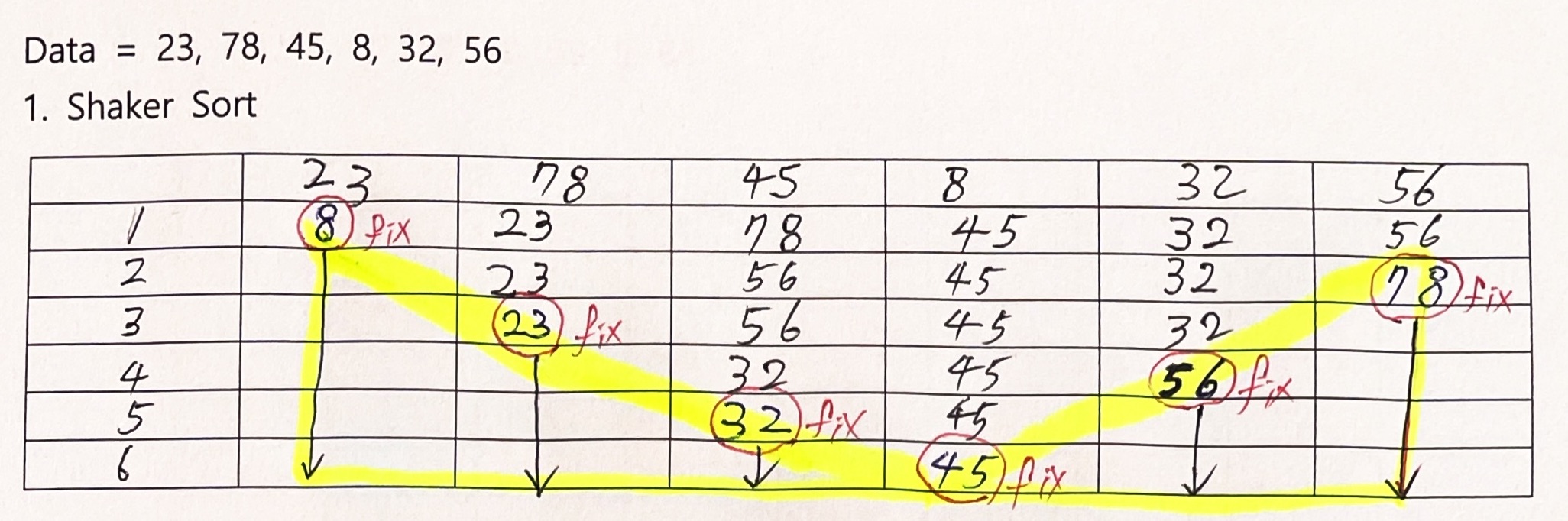 임의의 배열 [23, 78, 45, 8, 32, 56]를 셰이커 정렬로 손 로직도 한번 돌려보면 아래와 같이 나타낼 수 있다.
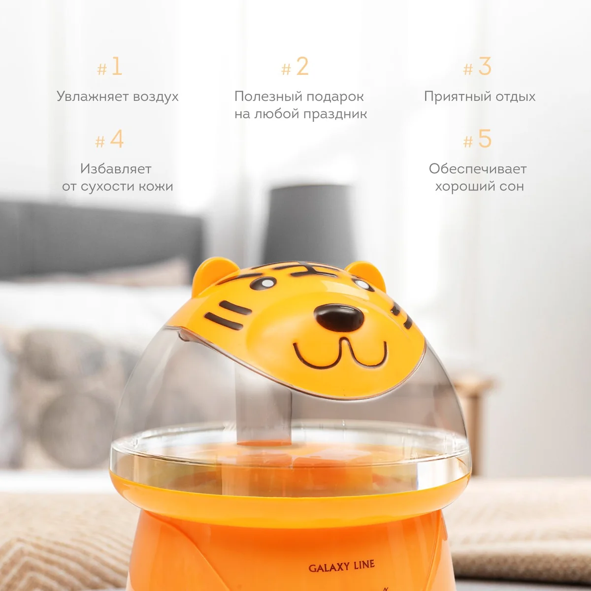 увлажнитель GALAXY LINE отключится автоматически. Прибор абсолютно безопасен, не выделяет горячего пара и не перегревается.
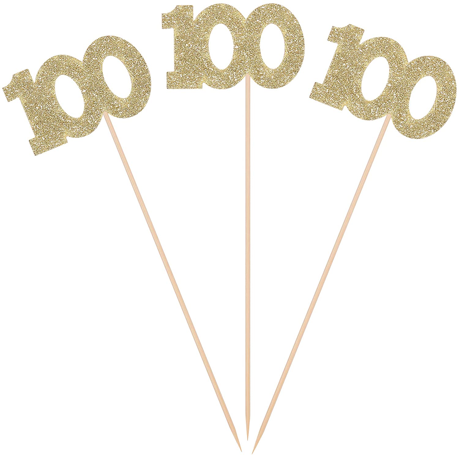 Pack of 10 Gold Glitter 100th Days Centerpiece Sticks Number 100 Table Topper Pary Decorations
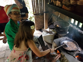 L'étape suivante est une exploitation produisant notamment du café, du cacao, du poivre etc... On nous présente les différentes de fabrication du café.
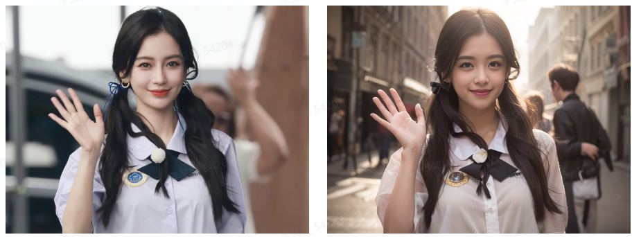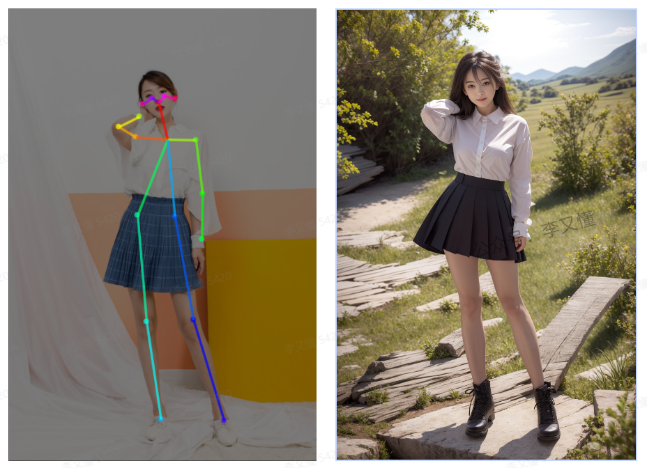 看看生成出来的照片,模特的姿势就几乎完全复刻出来了
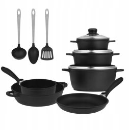 Zestaw SYMPHONY AMBITION składa się z 12 elementów, w tym garnków o różnych pojemnościach oraz akcesoriów kuchennych, co czyni go kompletnym rozwiązaniem dla każdego kucharza. Dzięki różnorodności rozmiarów garnków, możesz dostosować je do swoich potrzeb kulinarnych, niezależnie od tego, czy przygotowujesz małe danie, czy większy posiłek dla rodziny.
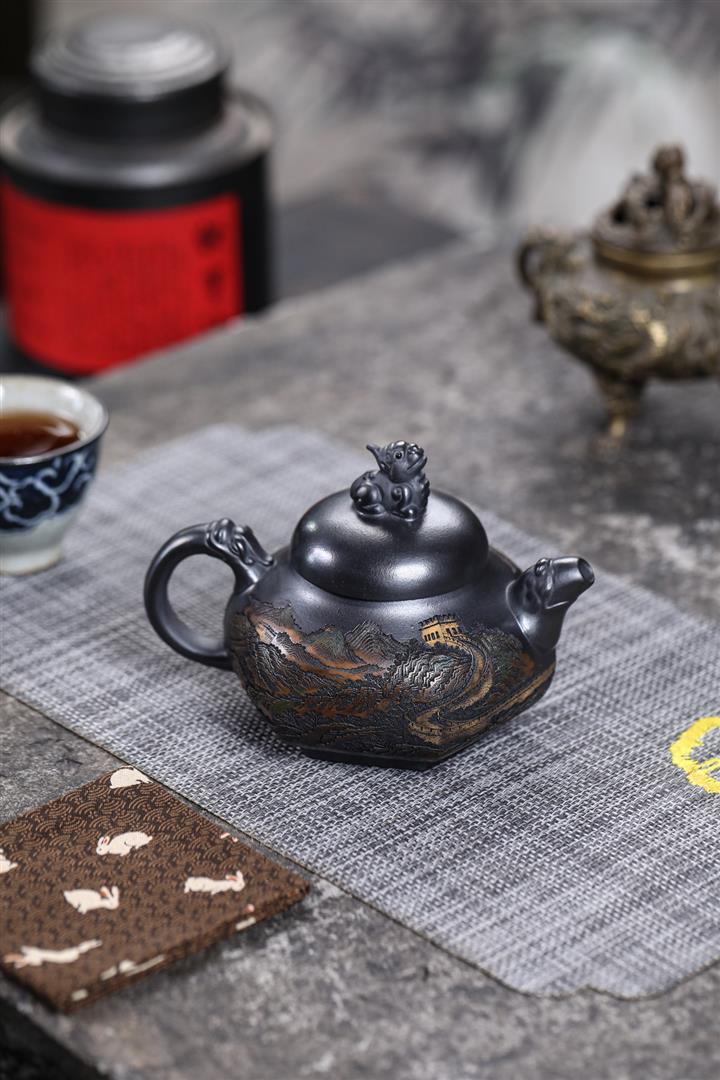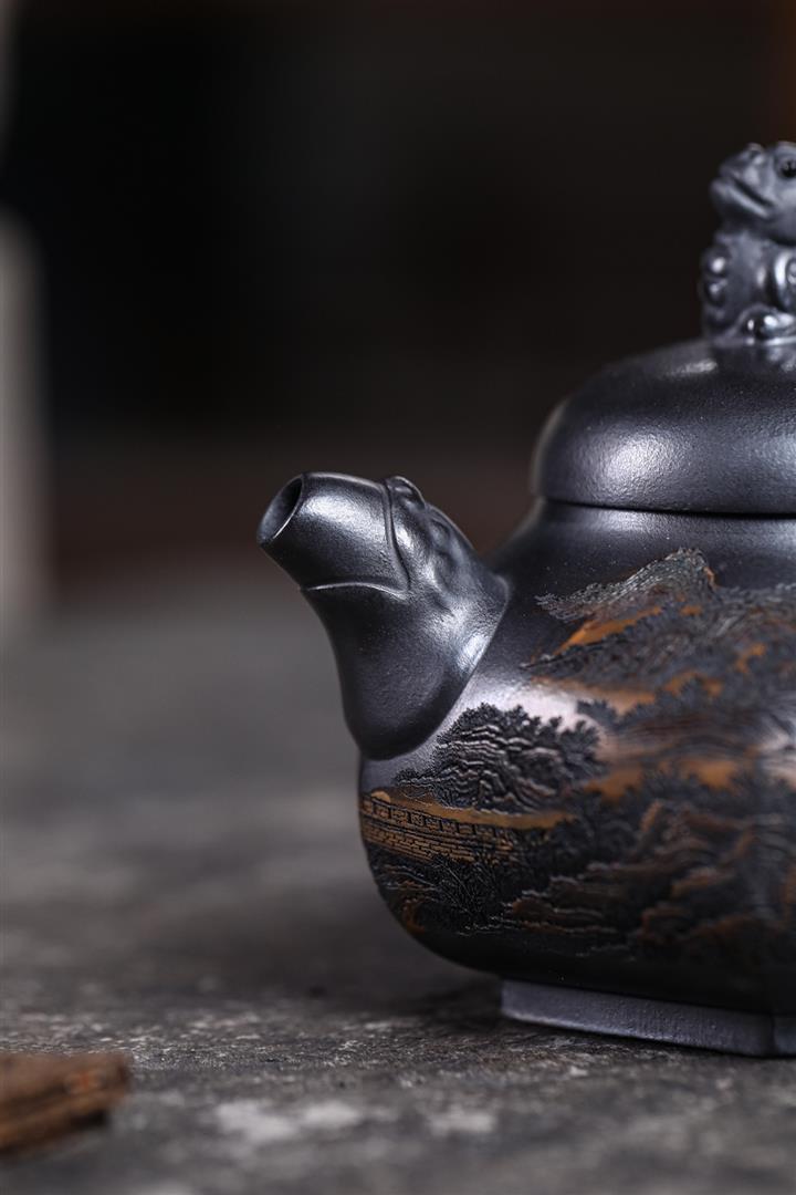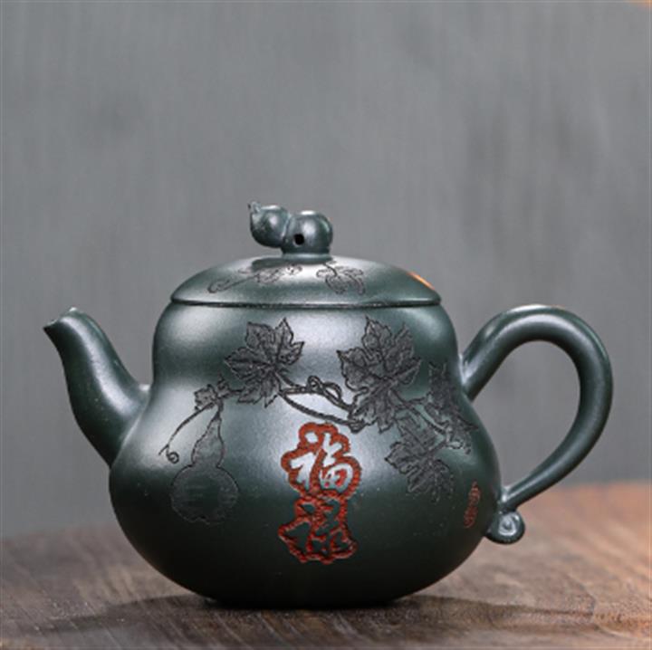 340cc原礦本山綠泥繪刻四方壺茶壺POT8887
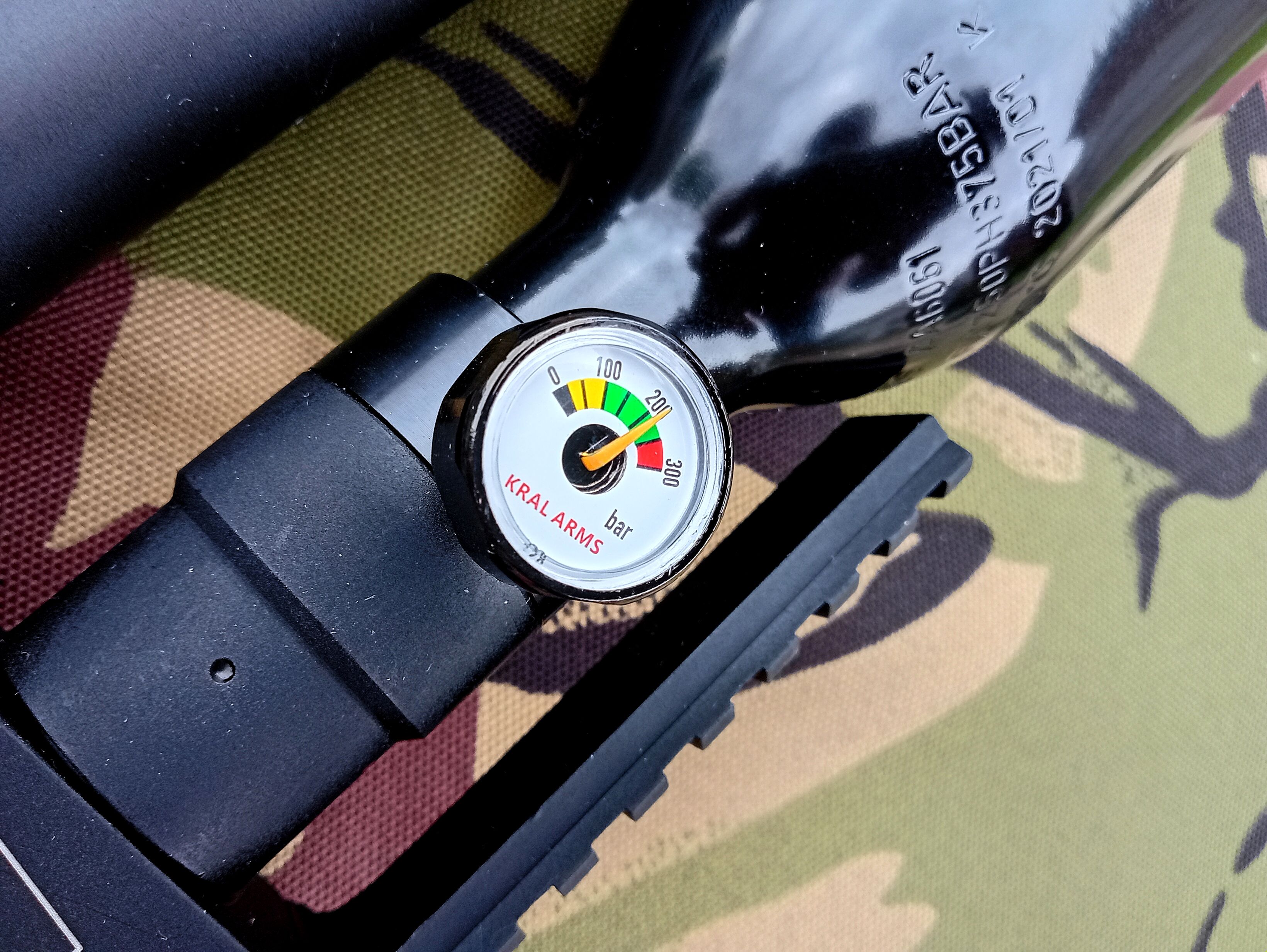 Kral fits the Shadow with twin manometers. There’s one under the block - weirdly proud and a bit exposed - showing the regulator pressure, which was set to 100bar on my test rifle, and another one mounted on the right side of the buddy bottle, showing residual main pressure.

• • •

→ What to do: Give again the stretch of lines above from the one with "看看生成出来的照片,模特的姿势就几乎完全复刻出来了" through the one with "340cc原礦本山綠泥繪刻四方壺茶壺POT8887", both ends kept, and copy no pictures.

→ Solved exercise:
 看看生成出来的照片,模特的姿势就几乎完全复刻出来了
 Zestaw SYMPHONY AMBITION składa się z 12 elementów, w tym garnków o różnych pojemnościach oraz akcesoriów kuchennych, co czyni go kompletnym rozwiązaniem dla każdego kucharza. Dzięki różnorodności rozmiarów garnków, możesz dostosować je do swoich potrzeb kulinarnych, niezależnie od tego, czy przygotowujesz małe danie, czy większy posiłek dla rodziny.
 340cc原礦本山綠泥繪刻四方壺茶壺POT8887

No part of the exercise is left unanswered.